[Opening Data extracts section]

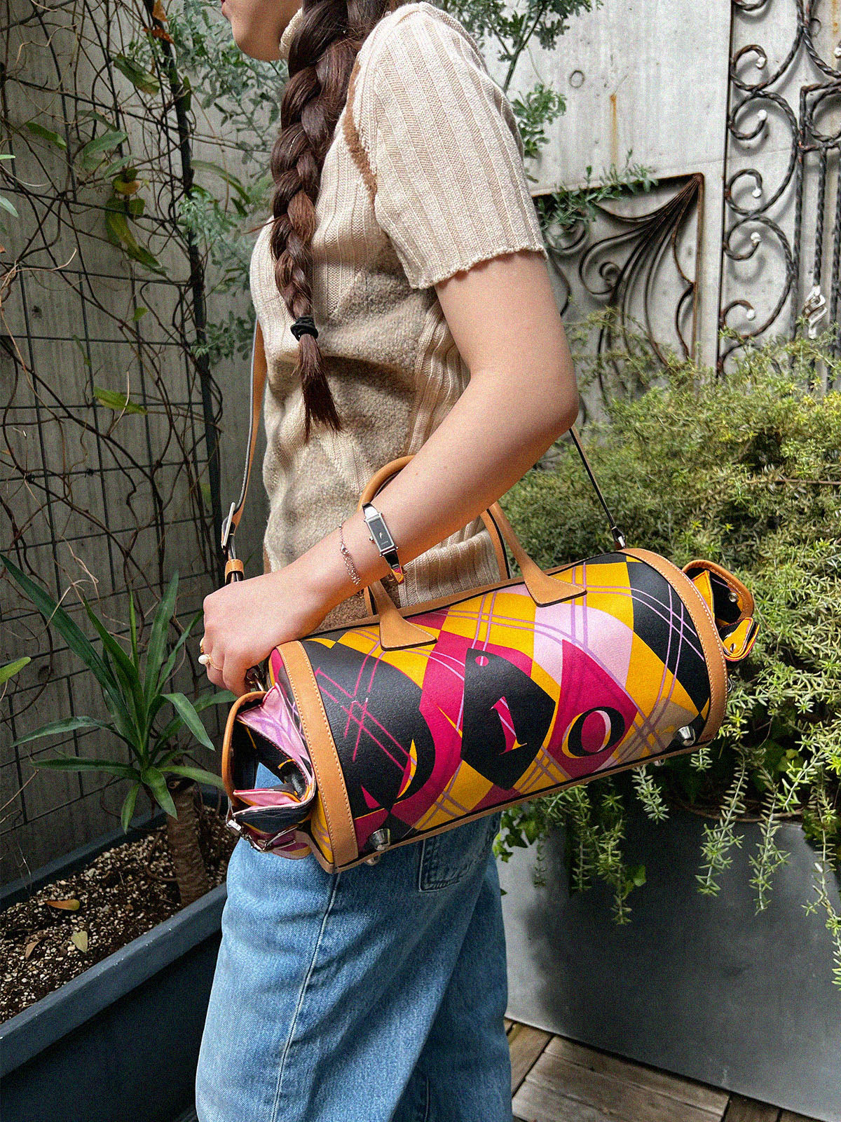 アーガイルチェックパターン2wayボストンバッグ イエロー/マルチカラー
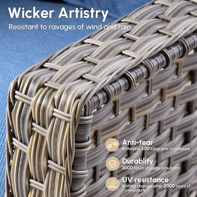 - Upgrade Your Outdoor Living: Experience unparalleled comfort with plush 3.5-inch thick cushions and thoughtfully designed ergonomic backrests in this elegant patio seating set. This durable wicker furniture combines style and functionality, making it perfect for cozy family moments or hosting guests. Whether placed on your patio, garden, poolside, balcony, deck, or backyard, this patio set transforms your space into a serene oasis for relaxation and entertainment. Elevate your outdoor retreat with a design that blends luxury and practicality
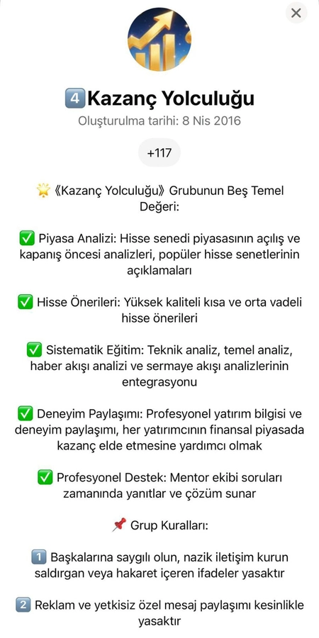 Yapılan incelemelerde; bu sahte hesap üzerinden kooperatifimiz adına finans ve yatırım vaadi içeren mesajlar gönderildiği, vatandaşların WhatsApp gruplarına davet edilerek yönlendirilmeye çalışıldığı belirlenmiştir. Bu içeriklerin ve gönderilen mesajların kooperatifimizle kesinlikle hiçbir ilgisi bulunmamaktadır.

[Closing Data extracts section]
[Opening Data extracts section]

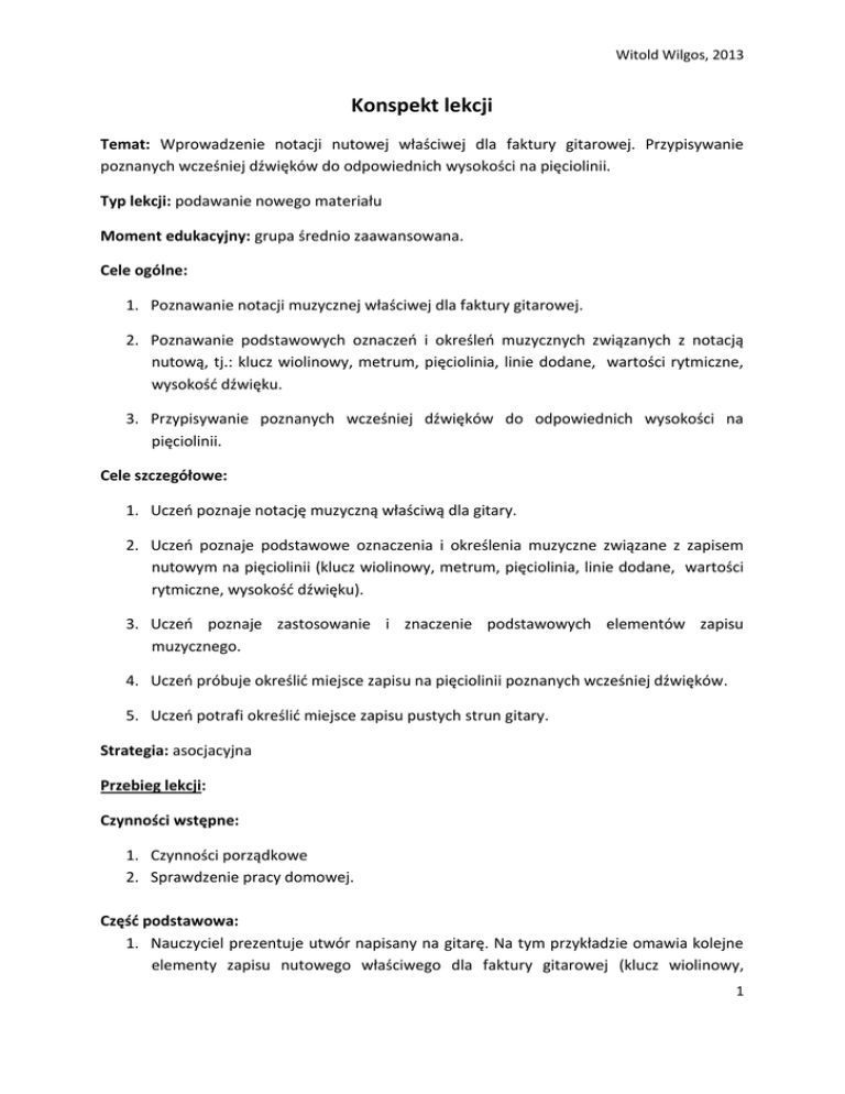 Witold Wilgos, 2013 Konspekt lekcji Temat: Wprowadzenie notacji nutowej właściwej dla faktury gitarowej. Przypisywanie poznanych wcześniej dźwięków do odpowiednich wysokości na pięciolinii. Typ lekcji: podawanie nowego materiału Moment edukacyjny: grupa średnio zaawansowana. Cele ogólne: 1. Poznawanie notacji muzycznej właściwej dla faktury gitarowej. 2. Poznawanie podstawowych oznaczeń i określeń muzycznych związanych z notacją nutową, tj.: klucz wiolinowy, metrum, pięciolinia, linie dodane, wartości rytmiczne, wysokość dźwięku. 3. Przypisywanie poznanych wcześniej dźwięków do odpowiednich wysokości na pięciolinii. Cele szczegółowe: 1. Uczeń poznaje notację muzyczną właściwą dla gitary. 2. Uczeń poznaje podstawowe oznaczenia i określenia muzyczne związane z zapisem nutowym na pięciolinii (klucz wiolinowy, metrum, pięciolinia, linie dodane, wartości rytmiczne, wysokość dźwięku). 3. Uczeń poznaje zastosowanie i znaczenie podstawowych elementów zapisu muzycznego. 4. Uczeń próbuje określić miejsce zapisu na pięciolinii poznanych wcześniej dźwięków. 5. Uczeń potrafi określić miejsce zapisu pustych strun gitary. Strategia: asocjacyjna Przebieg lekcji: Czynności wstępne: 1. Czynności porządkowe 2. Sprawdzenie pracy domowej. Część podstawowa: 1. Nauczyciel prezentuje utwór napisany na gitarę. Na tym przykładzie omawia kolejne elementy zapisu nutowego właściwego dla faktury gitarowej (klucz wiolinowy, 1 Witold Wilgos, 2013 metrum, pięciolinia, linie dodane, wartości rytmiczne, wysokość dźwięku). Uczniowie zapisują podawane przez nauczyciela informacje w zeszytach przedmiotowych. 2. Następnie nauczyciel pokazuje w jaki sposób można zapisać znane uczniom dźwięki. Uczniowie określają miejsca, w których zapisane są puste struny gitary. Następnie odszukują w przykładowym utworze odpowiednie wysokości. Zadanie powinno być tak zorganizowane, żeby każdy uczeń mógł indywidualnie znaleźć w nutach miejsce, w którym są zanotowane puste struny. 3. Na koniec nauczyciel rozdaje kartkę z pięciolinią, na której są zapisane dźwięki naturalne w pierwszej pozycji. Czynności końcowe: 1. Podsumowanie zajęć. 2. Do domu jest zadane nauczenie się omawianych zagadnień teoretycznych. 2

[Closing Data extracts section]

What you should do ::
Out of the records above, return only the lines from the one with "アーガイルチェックパターン2wayボストンバッグ イエロー/マルチカラー" through the one with "- Upgrade Your", exactly, and none of the pictures.

Exercise response ::
 アーガイルチェックパターン2wayボストンバッグ イエロー/マルチカラー
 - Upgrade Your Outdoor Living: Experience unparalleled comfort with plush 3.5-inch thick cushions and thoughtfully designed ergonomic backrests in this elegant patio seating set. This durable wicker furniture combines style and functionality, making it perfect for cozy family moments or hosting guests. Whether placed on your patio, garden, poolside, balcony, deck, or backyard, this patio set transforms your space into a serene oasis for relaxation and entertainment. Elevate your outdoor retreat with a design that blends luxury and practicality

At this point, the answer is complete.